The application of the Gram–Schmidt process to the column vectors of a full column rank matrix yields the QR decomposition (it is decomposed into an orthogonal and a triangular matrix).

The Gram–Schmidt process[edit]

The Gram-Schmidt process being executed on three linearly independent, non-orthogonal vectors of a basis for R3. Click on image for details.

We define the projection operator by

\mathrm{proj}_{\mathbf{u}}\,(\mathbf{v}) = {\langle \mathbf{u}, \mathbf{v}\rangle\over\langle \mathbf{u}, \mathbf{u}\rangle}\mathbf{u} ,

where \langle \mathbf{u}, \mathbf{v}\rangle denotes the inner product of the vectors u and v.

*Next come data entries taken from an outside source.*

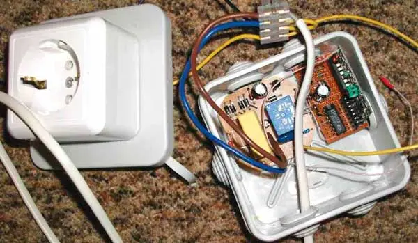 Приёмная часть устройства радиоуправления собрана в электромонтажной коробке размерами 100x100x50 мм, на крышке которой установлена обычная сетевая розетка для открытой проводки ХS1. Внутри коробки размещены три платы. Находящаяся на плате модуля приёмника штыревая часть разъёма X1 вставлена в его гнездовую часть, установленную на макетной плате с триггером на микросхеме DD2. Плата с транзистором VT1, реле K1 и узлом питания - от неисправного датчика движения ДД-009, на которой исходно установленный интегральный стабилизатор 78L09 заменён на 78L05. На схеме (см. рис. 6) находящиеся на этой плате детали расположены ниже штрихпунктирной линии. Внешний вид конструкции показан на рис. 8.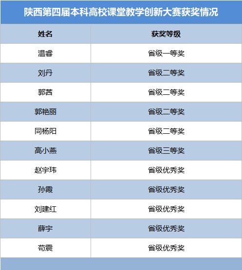 近日,陕西省教育厅公布了第四届陕西高校课堂教学创新大赛获奖教师名单,我院郭茜老师荣获省级二等奖。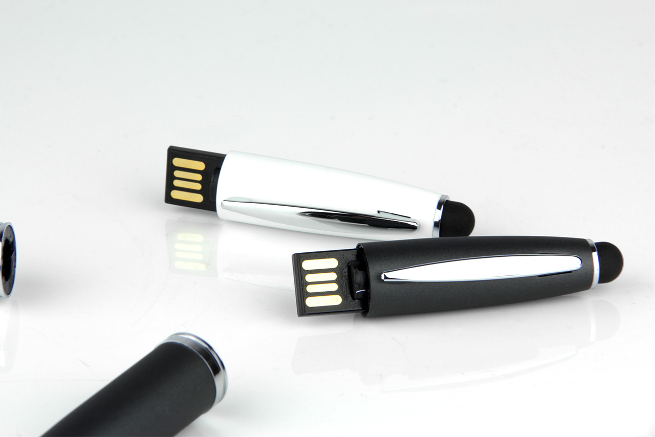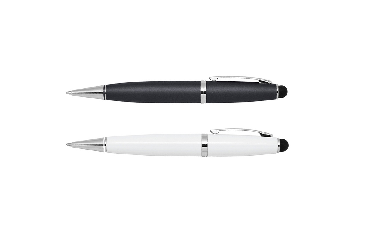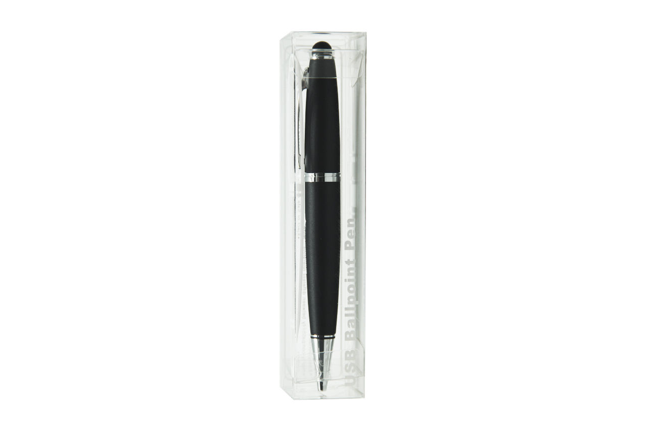 USB Flash Drive w/ Ball Pen & Stylus . Capacity : 16GB . Material : Metals . Warranty : 6 months . Each packed in a printed transparent PVC box.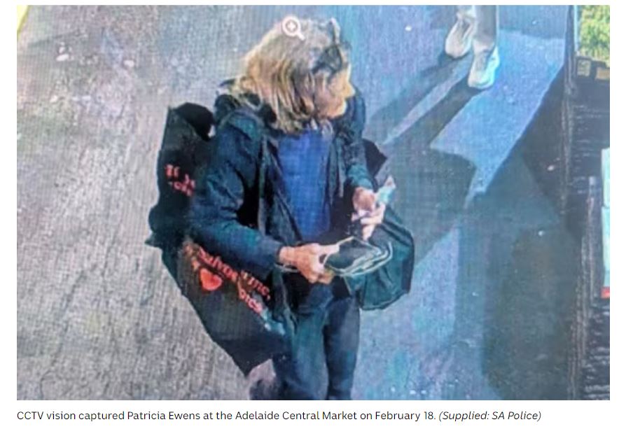 Investigators know that Patricia travelled alone to Adelaide and attended the Central Markets the same day. She was last sighted on CCTV in Grote Street, Adelaide at about 1 pm on Wednesday 18 February.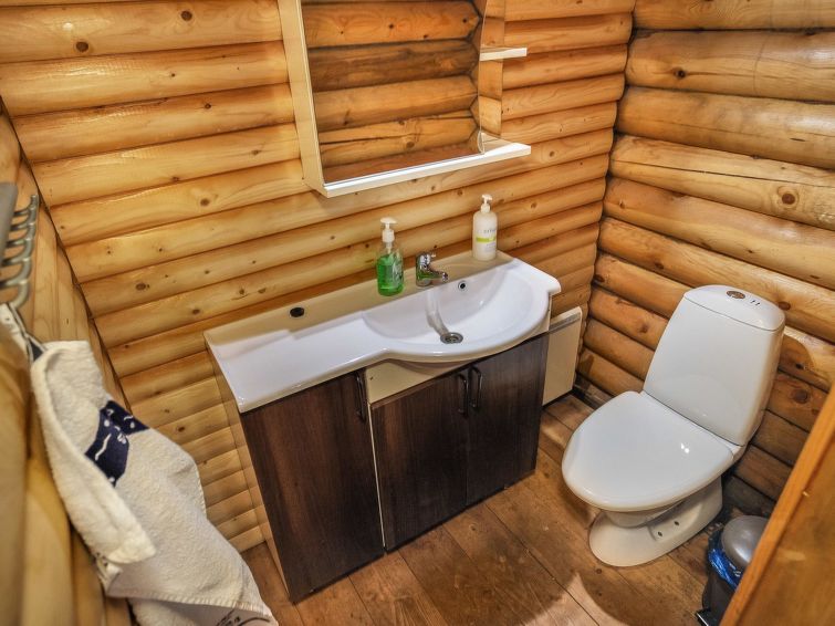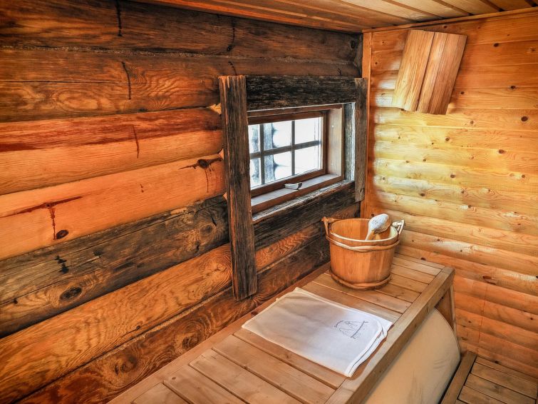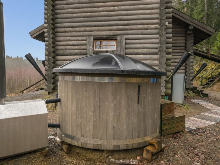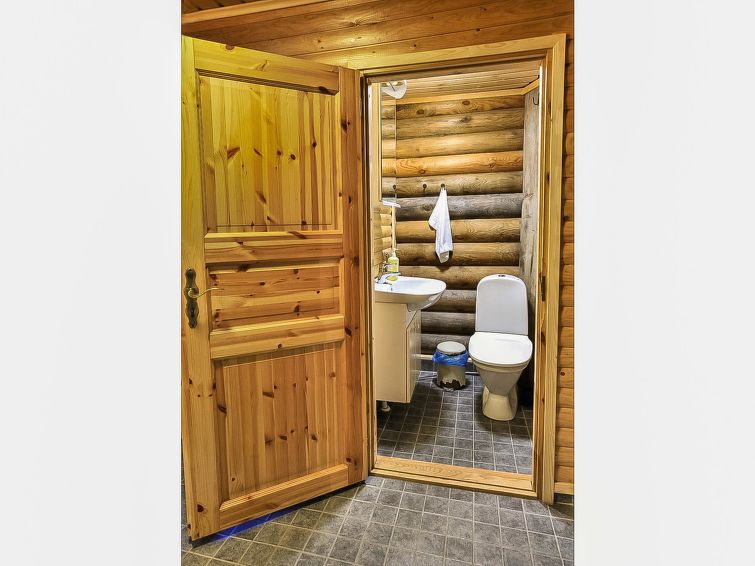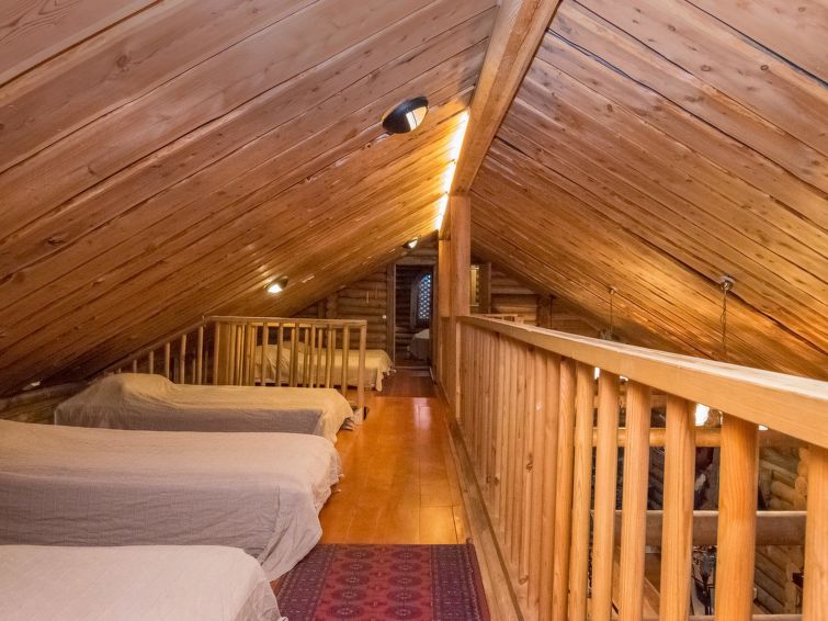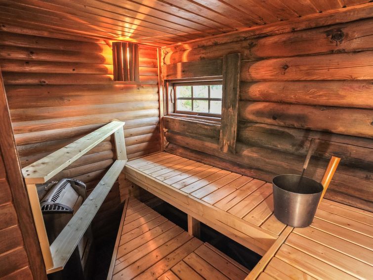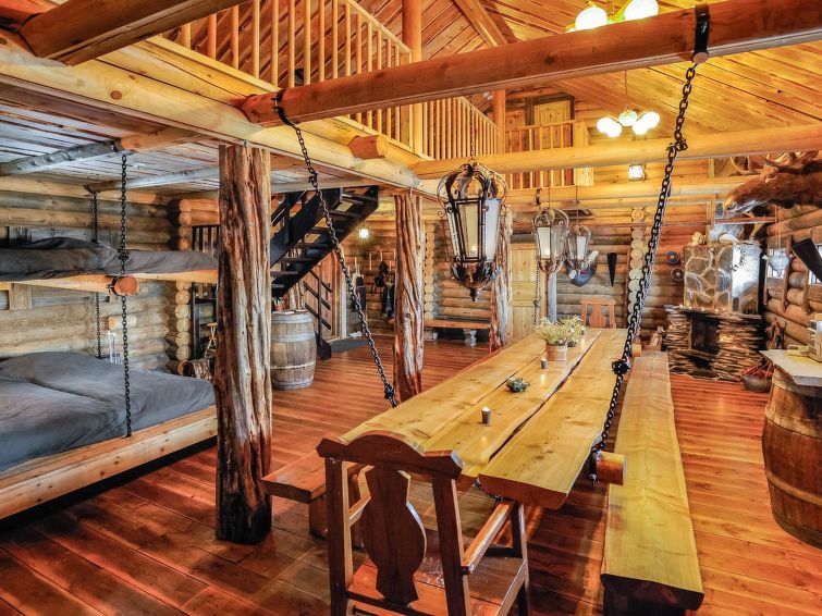 Log cabin 2006, living room/kitchen 8 extra beds (bunk for 8 persons), bedroom 2 beds, second bedroom 2 beds, sleeping loft 5 extra beds, sauna (electric sauna stove), washroom (2 x shower), open porch, 2 towers. Toilet on the upper floor and ground floor. A separate underground smoke sauna on the hill and hot tub can be rented separately.

This operator projects the vector v orthogonally onto the line spanned by vector u. If u=0, we define \mathrm{proj}_0\,(\mathbf{v}) := 0. i.e., the projection map \mathrm{proj}_0 is the zero map, sending every vector to the zero vector.

The Gram–Schmidt process then works as follows:


\begin{align}
\mathbf{u}_1 & = \mathbf{v}_1, & \mathbf{e}_1 & = {\mathbf{u}_1 \over \|\mathbf{u}_1\|} \\
\mathbf{u}_2 & = \mathbf{v}_2-\mathrm{proj}_{\mathbf{u}_1}\,(\mathbf{v}_2),
& \mathbf{e}_2 & = {\mathbf{u}_2 \over \|\mathbf{u}_2\|} \\
\mathbf{u}_3 & = \mathbf{v}_3-\mathrm{proj}_{\mathbf{u}_1}\,(\mathbf{v}_3)-\mathrm{proj}_{\mathbf{u}_2}\,(\mathbf{v}_3), & \mathbf{e}_3 & = {\mathbf{u}_3 \over \|\mathbf{u}_3\|} \\
\mathbf{u}_4 & = \mathbf{v}_4-\mathrm{proj}_{\mathbf{u}_1}\,(\mathbf{v}_4)-\mathrm{proj}_{\mathbf{u}_2}\,(\mathbf{v}_4)-\mathrm{proj}_{\mathbf{u}_3}\,(\mathbf{v}_4), & \mathbf{e}_4 & = {\mathbf{u}_4 \over \|\mathbf{u}_4\|} \\
& {}\ \  \vdots & & {}\ \  \vdots \\
\mathbf{u}_k & = \mathbf{v}_k-\sum_{j=1}^{k-1}\mathrm{proj}_{\mathbf{u}_j}\,(\mathbf{v}_k), & \mathbf{e}_k & = {\mathbf{u}_k\over \|\mathbf{u}_k \|}.
\end{align}

The sequence u1, ..., uk is the required system of orthogonal vectors, and the normalized vectors e1, ..., ek form an orthonormal set. The calculation of the sequence u1, ..., uk is known as Gram–Schmidt orthogonalization, while the calculation of the sequence e1, ..., ek is known as Gram–Schmidt orthonormalization as the vectors are normalized.

To check that these formulas yield an orthogonal sequence, first compute ‹ u1,u2 › by substituting the above formula for u2: we get zero. Then use this to compute ‹ u1,u3 › again by substituting the formula for u3: we get zero. The general proof proceeds by mathematical induction.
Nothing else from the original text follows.